As her father, I have watched what that does to a young person. I have watched a student who should have been focused on classes, friendships and the future instead have to think about security, institutional silence and whether her university would enforce its own rules. No parent sends a child to university expecting her to become a test case for whether Jewish students are entitled to equal protection.
Students are asking for what every other student is promised: the ability to walk onto campus, attend events, express their identity and participate in university life without harassment, intimidation or fear.

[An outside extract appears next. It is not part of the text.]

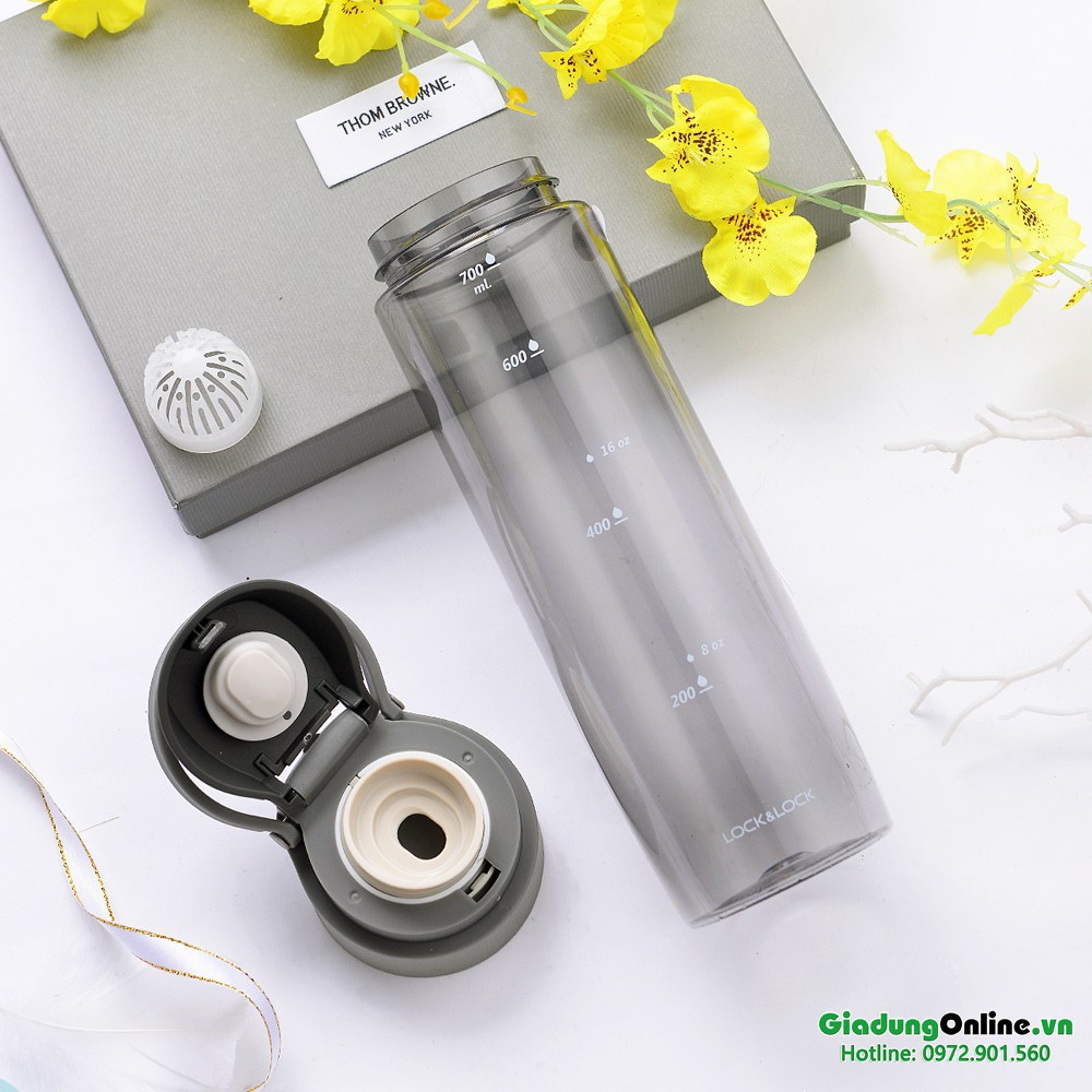 Giới thiệu [Lock&Lock] Bình Nước Nhựa Tritan One Touch Sport ABF763GRY 750ml (Màu xám)

Universities cannot control every social media post, every protest sign or every political slogan. But they can control their own conduct. They can decide whether harassment policies are enforced consistently. They can determine whether Jewish students receive the same protection afforded to every other community. They can choose whether principles are applied universally or selectively.

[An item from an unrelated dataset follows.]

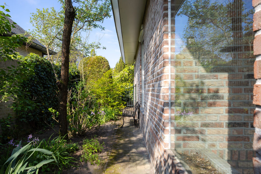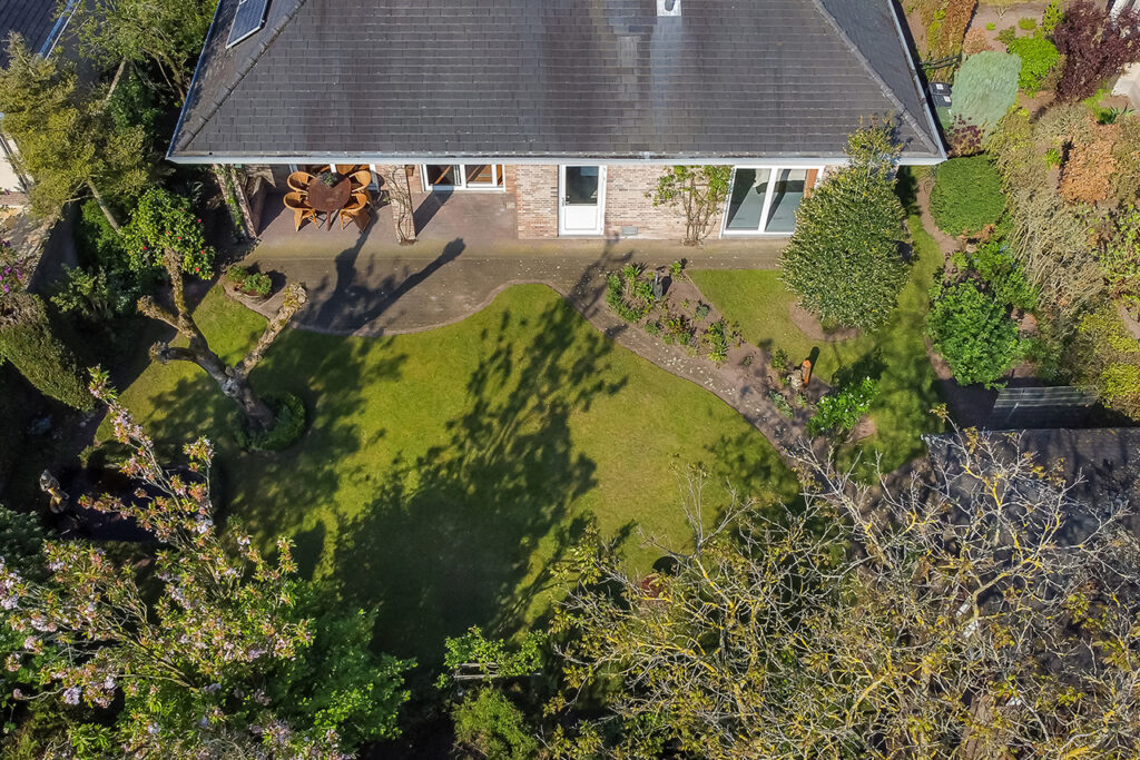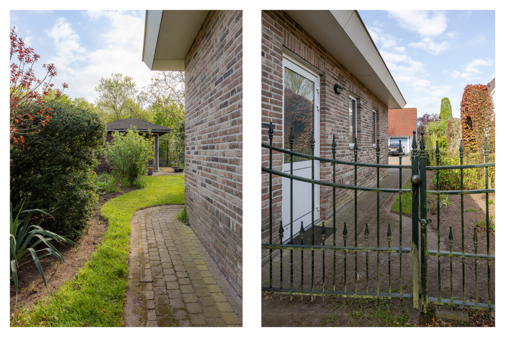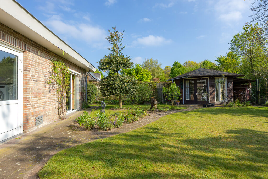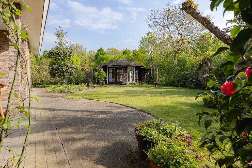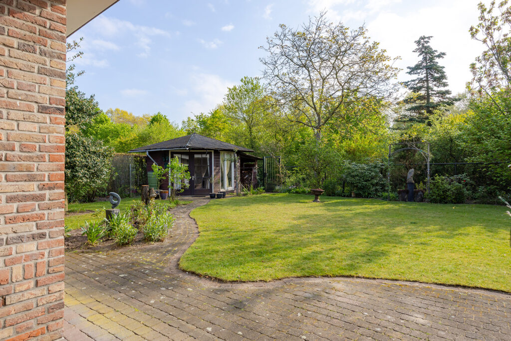 Rondom de woning ligt een tuin die optimale privacy biedt. Een riant groot perceel met eventueel nog mogelijkheden voor uitbouw. De tuin is voorzien van een vrije achterom, een tuinhuis en is volledig omheind met een hekwerk.

Like Sapiro, Liat is not under the illusion that a lawsuit can eliminate antisemitism. Courts cannot eradicate prejudice. But they can establish accountability when institutions fail to uphold their own obligations. They can ask a simple question that universities should be able to answer: were Jewish students protected according to the same standards applied to everyone else?
That is why Jewish students are once again turning to the courts.
A zero-tolerance approach to hate should not be controversial. It should be the minimum standard of any institution that claims to value dignity and safety. Yet too often, universities respond to antisemitism with process, ambiguity and delay. They issue statements about inclusion while Jewish students are left to navigate the consequences of exclusion. They celebrate diversity while treating Jewish vulnerability as complicated.
That double standard is corrosive. It tells Jewish students that their safety is negotiable. It tells them that the rules exist, but may not apply with the same force when the hatred is directed at them. And it tells the broader community that antisemitism can be managed as a reputational issue rather than confronted as a moral and institutional failure.
That is what links Sapiro’s case to the cases emerging on Canadian campuses today.
Aaron Sapiro did not defeat antisemitism. But he challenged the machinery that amplified it. He forced one of the most admired men in America to confront the consequences of using his platform to vilify Jews.
Today, the machinery is different. It is more decentralized and harder to contain. But it still depends on institutions that look away, platforms that amplify and authorities that hesitate. Hate does not become powerful merely because it is spoken. It becomes powerful when it is organized, repeated, normalized and left unanswered.
The lesson remains relevant. Hate rarely disappears on its own. It must be confronted by those with the authority to stop it. And when institutions refuse to act, the courts become one of the few places left where accountability can still be demanded.
That was true in Aaron Sapiro’s time. It is true again now.